Identifiability Project |
L. Sweeney
Patient Identifiability in Pharmaceutical Marketing Data.
Data Privacy Lab Working Paper 1015. Cambridge 2011.
(PDF).
Keywords: HIPAA Privacy Rule, identifiability, data privacy, re-identification
Related links:
Does pharmaceutical marketing data expose patient records? In 2003, just after the promulgation of the HIPAA Privacy Rule,
a major American pharmaceutical company commissioned a report across 9 states to determine the number of people in those
states who may be at risk of being identified if patient pharmacy claims data used for marketing were shared.
In May 2003 the report showed that 2.3% of individuals could be uniquely identified from the de-identified prescription
records used for marketing purposes at the time and that 6.1% were identifiable to a binsize of 2 (i.e., the record
either uniquely related to one named person or related indistinguishably to 2 identified people). These results used
prescription information {drug, dosage and refill information, patient diagnosis, patient ZIP inferred from pharmacy
ZIP, prescription fill date}. No explicit patient identifiers (e.g., name or address) appeared in the data.
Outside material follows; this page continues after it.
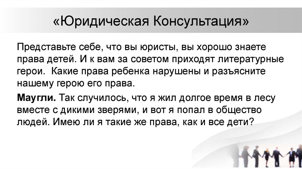«Юридическая Консультация»Представьте себе, что вы юристы, вы хорошо знаете

The prescribing doctor was not uniquely identified. Results were based on the states: New York, Illinois, Michigan,
Massachusetts, Florida, California, Pennsylvania, Texas, and Arizona. The primary means of re-identification
was linking the prescription records to ambulatory and hospital discharge data using patient {diagnosis, inferred
ZIP, and drug, dosage and refill information} to learn more patient demographics and then linking that result
to a voter list (or other population register) to learn the names of the subjects of the prescriptions.
In comparison, the HIPAA Safe Harbor tends to re-identify about 0.04% of the population, thereby showing that
in general more personal information is put at risk in these data than with the HIPAA Safe Harbor, however variability
exists in re-identification rates from state to state with some states having re-identification rates less than the HIPAA
Safe Harbor. Other privacy observations found in the data, but not part of the analysis, include: (1) the data did
not segment or restrict access to special medical classes protected by law, such as psychiatric and HIV related
prescriptions; and, (2) the data made it possible to construct a patient's prescription profile over time, which
could further increase re-identification risk. This paper summarizes the earlier 2003 report, reviews subsequent
publication, and imposes the emergent scientific-legal approach of comparing re-identification rates to the HIPAA Safe Harbor.
In the end though, this paper demonstrates the best of measuring de-identification risks while exposing the perils of de-identification as a regime.